* **Activity**: Please copy, exactly as they appear below, the lines from the one containing "A riveting oval" through the one containing "Invoice Business Sales".

[Opening Data section]

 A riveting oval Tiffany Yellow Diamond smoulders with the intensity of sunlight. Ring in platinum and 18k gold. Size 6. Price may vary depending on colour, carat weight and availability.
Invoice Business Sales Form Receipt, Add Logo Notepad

[Closing Data section]
[Opening Data section]

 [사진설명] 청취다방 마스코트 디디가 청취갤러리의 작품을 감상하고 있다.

[Closing Data section]
[Opening Data section]

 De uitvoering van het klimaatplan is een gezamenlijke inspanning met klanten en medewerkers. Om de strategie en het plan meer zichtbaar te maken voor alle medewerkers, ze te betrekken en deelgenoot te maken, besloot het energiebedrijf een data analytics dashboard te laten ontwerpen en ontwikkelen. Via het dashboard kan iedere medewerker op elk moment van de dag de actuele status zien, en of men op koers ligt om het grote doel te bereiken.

[Closing Data section]

* **Task answer**:
 A riveting oval Tiffany Yellow Diamond smoulders with the intensity of sunlight. Ring in platinum and 18k gold. Size 6. Price may vary depending on colour, carat weight and availability.
Invoice Business Sales Form Receipt, Add Logo Notepad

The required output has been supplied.